Trois types d’explications, largement complémentaires, ont été proposés pour expliquer les blocages politiques à
de telles réformes (Kanbur, 2001 et Bénassy et al., 2005). Premièrement, l’inégale répartition des gains
d’efficience et des coûts associés aux réformes entre différents groupes d’intérêt, et l’anticipation que le gouvernement ne saura pas accompagner les réformes de politiques de redistribution adéquates. Ensuite, une répartition inégale des coûts et bénéfices au cours du temps : alors que les coûts sont largement supportés à court terme
par les générations courantes, les bénéfices se manifestent à moyen et long terme, et donc au profit des générations futures qui évidemment ne sont pas pleinement présents aujourd’hui pour apporter leur soutien politique
aux réformes. Enfin, l’imperfection des marchés et l’existence de coûts de transaction (incomplétude des contrats, asymétries d’information, etc.) qui font que le théorème de Coase ne s’applique pas et par conséquent que
certaines réformes sont bloquées même si elles conduisent à des gains d’efficacité.
(…)
Première leçon : pour pouvoir surmonter les contraintes d’économie politique, il faut accompagner les réformes
structurelles de politiques budgétaires et monétaires expansionnistes, surtout en l’absence d’effets de « dos au
mur » comme c’est le cas nous semble-t-il au sein la zone euro. Deuxième leçon : les États-Unis, malgré leurs marchés boursiers et hypothécaires et leurs fonds mutuels nettement plus développés que les nôtres, maintiennent
un niveau d’activisme budgétaire et monétaire bien supérieur à celui de l’Europe, et avec des résultats très positifs en matière de croissance.
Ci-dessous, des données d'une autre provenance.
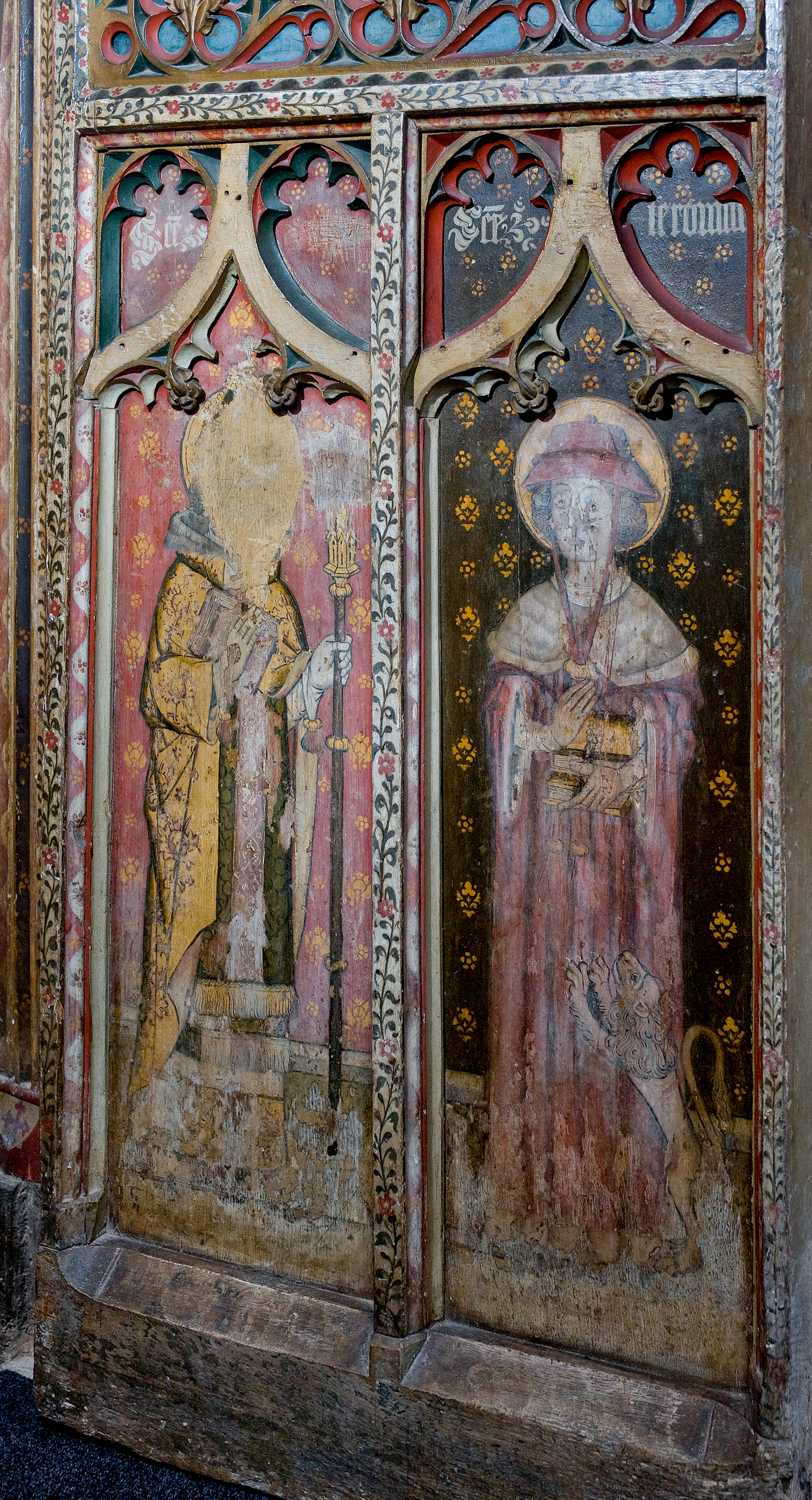 The Rood Screen and detail at St Agnes Church, Cawston, Norfolk. From the North (left) side the screens depict St Agnes , St Helena , St Thomas , St John , St James , St Andrew , St Paul, St Peter, . On the south side, St James, St Bartholomew , St Philip, St Jude, St Simon , St Matthew , St Matthias, Sir John Schorn.
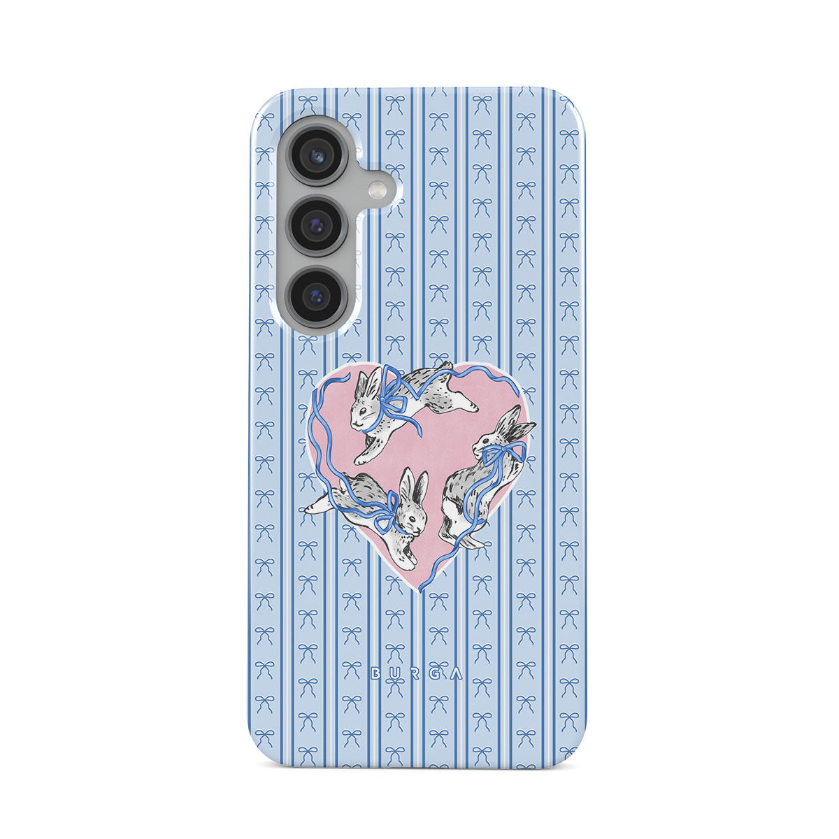 En este diseño: conejos blancos, marco de corazones, rayas azules.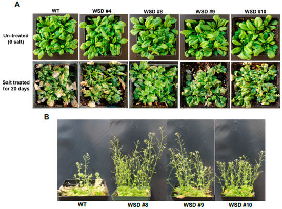 WSD1 overexpressing transgenic plants exhibit improved salinity-stress tolerance in Arabidopsis. Phenotypic changes in Arabidopsis transgenics and WT (Col-0) plants subjected to salt treatment. The images represent 4-wk-old Arabidopsis WT and transgenic plants either untreated (0 mM salt) or treated with water supplemented with 100 mM NaCl (A) and ~ 6-wk plants recovered from salt stress (B).
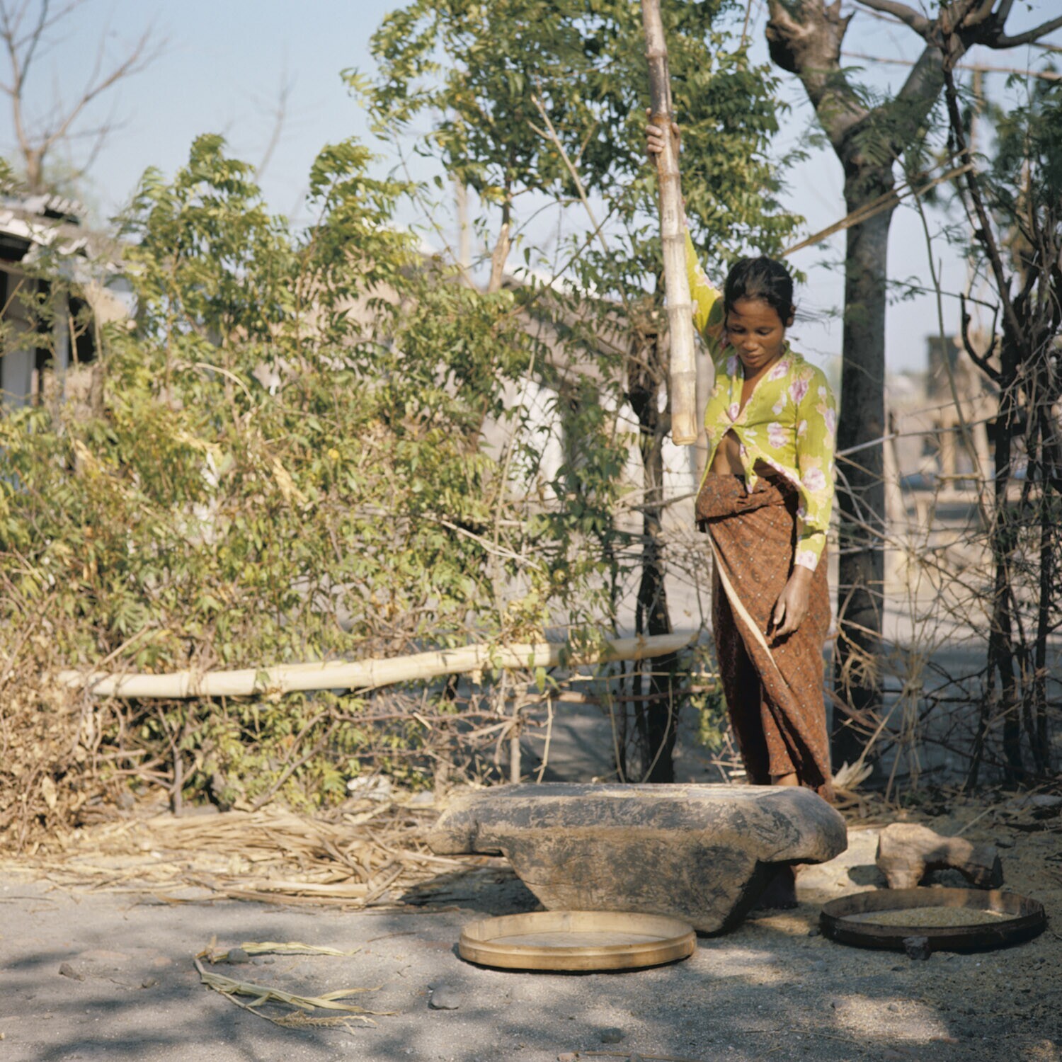 Vrouw bezig met het stampen van rijst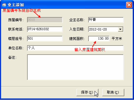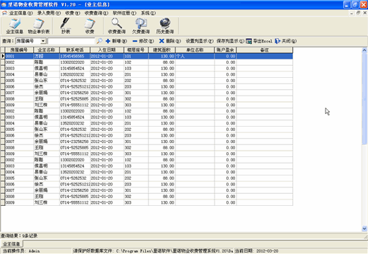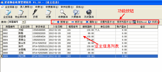 此處可登記、修改、刪除業(yè)主信息。也可將業(yè)主信息出EXCEL。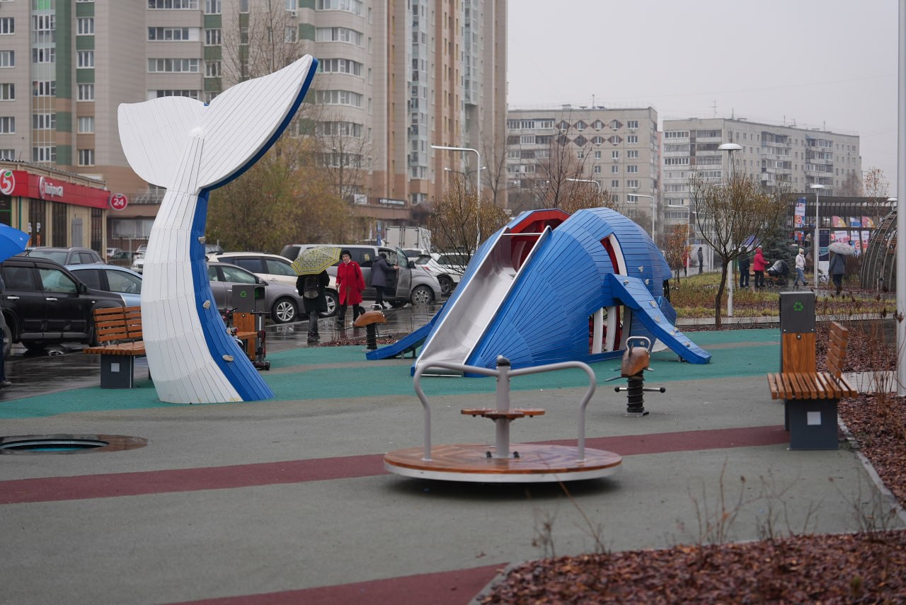 - Через весь бульвар мы постарались провести нить творчества Ершова: входная арка выполнена в виде головы кита, есть туловище и хвост. В виде этого животного сделана и детская площадка, представлены другие элементы знаменитой сказки Петра Ершова «Конёк-Горбунок», – рассказал Евгений Александрович.
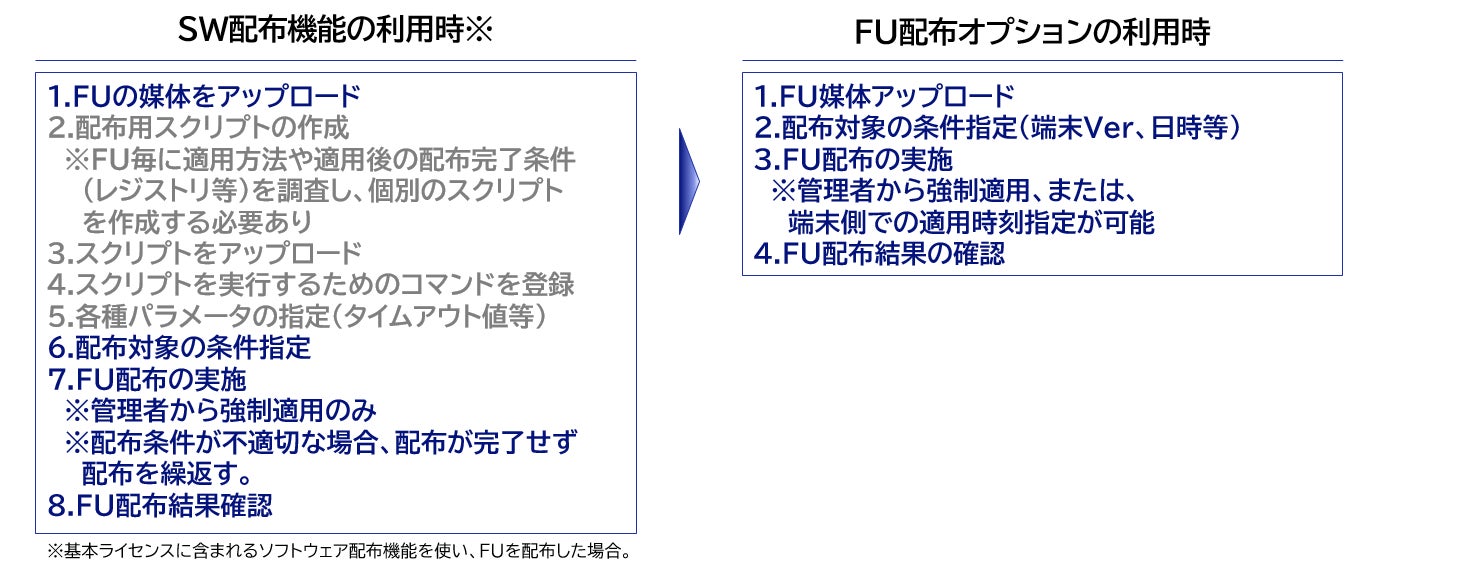 FU配布設定の手順を8ステップから4ステップに半減します。具体的には、FU毎に、適用方法や適用後の配布完了条件を指定した配布用スクリプトの作成などの作業を行う必要は無く、FU媒体のアップロード後に配布対象の条件を指定するだけで、FUの配布から適用までを実行できます。配布設定は、配布のみ、または配布および適用などを予め選択することが可能です。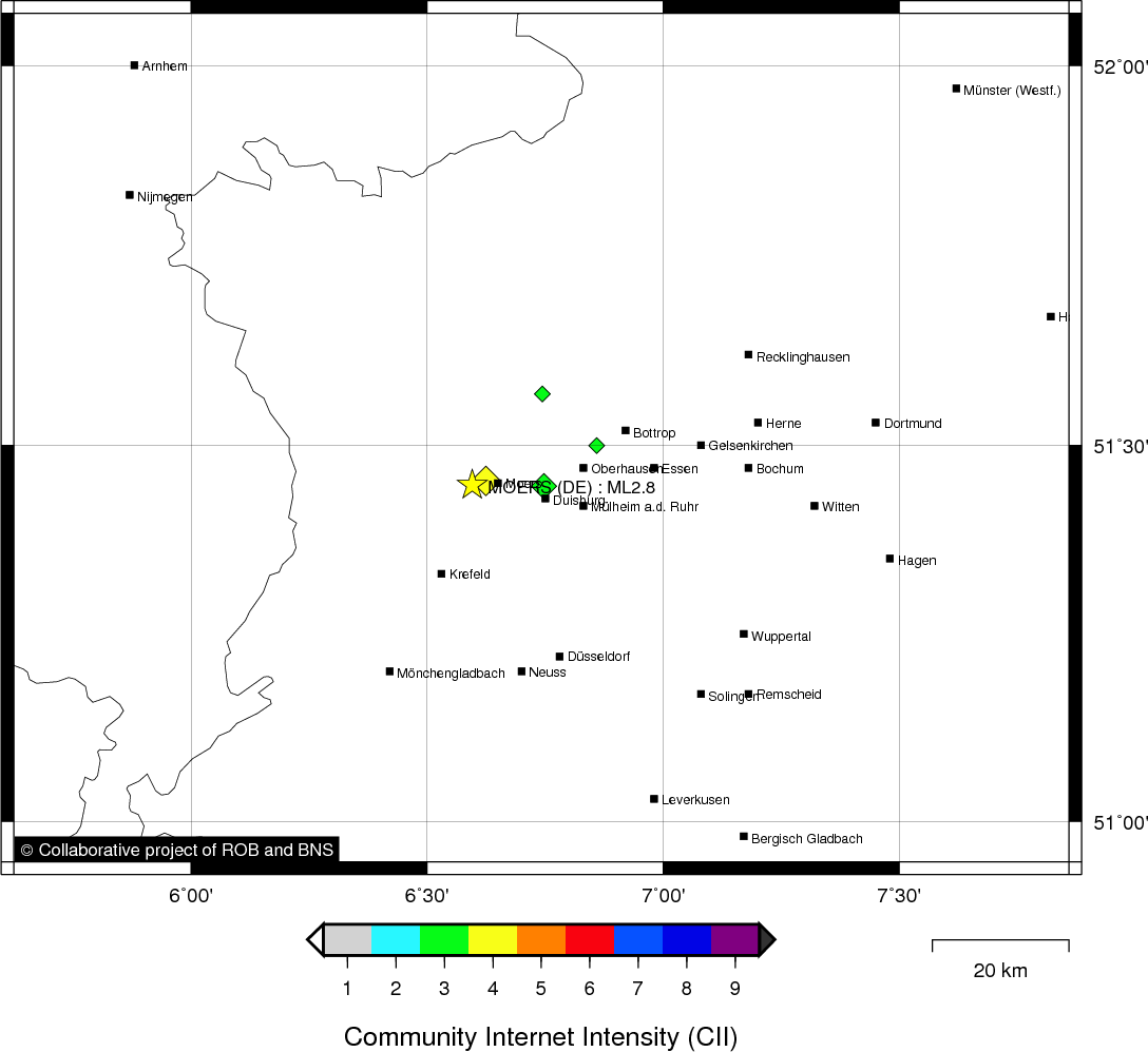 | Epicentral coordinates | 51.448° N, 6.596° E Uncertainty ± 1.0 km |
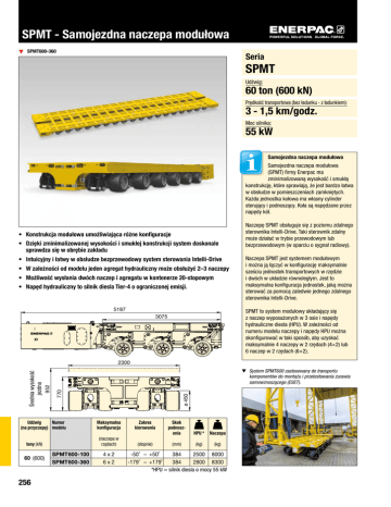 SPMT - Samojezdna naczepa modułowa ▼ SPMT600-360 Seria SPMT Udźwig: 60 ton (600 kN) Prędkość transportowa (bez ładunku - z ładunkiem): 3 - 1,5 km/godz. Moc silnika: 55 kW Samojezdna naczepa modułowa Samojezdna naczepa modułowa (SPMT) firmy Enerpac ma zminimalizowaną wysokość i smukłą konstrukcję, które sprawiają, że jest bardzo łatwa w obsłudze w pomieszczeniach zamkniętych. Każda jednostka kołowa ma własny cylinder sterujący i podnoszący. Koła są napędzane przez napędy kół. • Konstrukcja modułowa umożliwiająca różne konfiguracje • Dzięki zminimalizowanej wysokości i smukłej konstrukcji system doskonale sprawdza się w obrębie zakładu • Intuicyjny i łatwy w obsłudze bezprzewodowy system sterowania Intelli-Drive • W zależności od modelu jeden agregat hydrauliczny może obsłużyć 2–3 naczepy • Możliwość wysłania dwóch naczep i agregatu w kontenerze 20-stopowym • Napęd hydrauliczny to silnik diesla Tier-4 o ograniczonej emisji. 5187 Naczepę SPMT obsługuje się z poziomu zdalnego sterownika Intelli-Drive. Taki sterownik zdalny może działać w trybie przewodowym lub bezprzewodowym (w oparciu o sygnał radiowy). Naczepa SPMT jest systemem modułowym i można ją łączyć w konfigurację maksymalnie sześciu jednostek transportowych w rzędzie i dwóch w układzie równoległym. Jest to maksymalna konfiguracja jednostek, jaką można sterować za pomocą zaledwie jednego zdalnego sterownika Intelli-Drive. SPMT to system modułowy składający się z naczep wyposażonych w 3 osie i napędy hydrauliczne diesla (HPU). W zależności od numeru modelu naczepy i napędy HPU można skonfigurować w taki sposób, aby uzyskać maksymalnie 4 naczepy w 2 rzędach (4×2) lub 6 naczep w 2 rzędach (6×2). 3075 ® ▼ System SPMT600 zastosowany do transportu komponentów do montażu i przetestowania żurawia samowznoszącego (ESET). Udźwig Numer (na przyczepę) modelu tony (kN) 60 (600) 256 SPMT 600-100 SPMT 600-360 ø 450 770 952 Średnia wysokość jezdna 2300 Maksymalna konfiguracja Zakres kierowania (naczepa w rzędach) Skok podnoszenia HPU * Naczepa (stopnie) (mm) (kg) (kg) 4x2 6x2 -50˚ – +50˚ 384 2500 8000 -179˚ – +179˚ 384 2800 8300 *HPU = silnik diesla o mocy 55 kW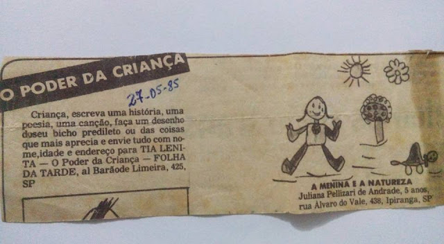 seus dados para a Tia Lenita, que a arte poderia sair no jornal Folha da Tarde – Folhinha.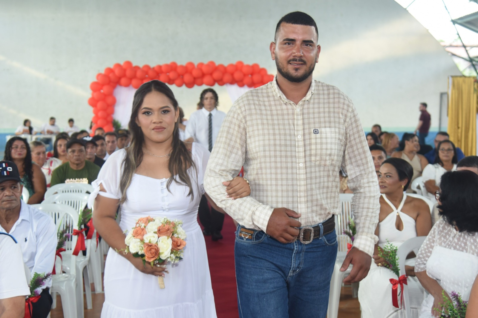 As cerimônias começam com a marcha nupcial e a entrada dos casais. O casal mais novo e o casal mais velho daquele ato são colocados em destaque, representando todos os outros. A juíza ou o juiz responsável pela comarca conversa com as noivas e noivos e então faz as perguntas clássicas, sobre aceitar o matrimônio e libera o beijo.
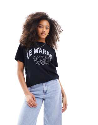 Camiseta negra de corte estándar con estampado gráfico "Le Marais" de ASOS DESIGN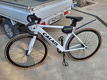 Шоссейный велосипед Calais с легкой рамой белого цвета, оснащенный черными изогнутыми рулями (бараньи рога) для спортивной посадки и улучшения аэродинамики. Обода колес черные, с контрастной золотисто-коричневой полосой по краю шин, что придает велосипеду стильный вид. Установлены дисковые тормоза для надежного и эффективного торможения. Модель подходит для скоростной езды по асфальтированным дорогам и тренировок. Оснащен компактной подседельной сумкой для хранения мелочей и флягодержателем, что делает его удобным для длительных поездок. Педали черного цвета с рельефной поверхностью обеспечивают хороший контакт с обувью. Заднее крыло предотвращает разбрызгивание грязи

Étant donné que le développement financier est une entreprise de très longue haleine, pourquoi ne pas faire comme eux et appliquer nous aussi des politiques budgétaires plus contra-cycliques
afin de pleinement bénéficier de la libéralisation des marchés du travail et des produits ? Ce n’est qu’une fois que
les marchés de crédit en Europe auront été pleinement libéralisés que les gouvernements pourront éventuellement
se dispenser de l’activisme budgétaire.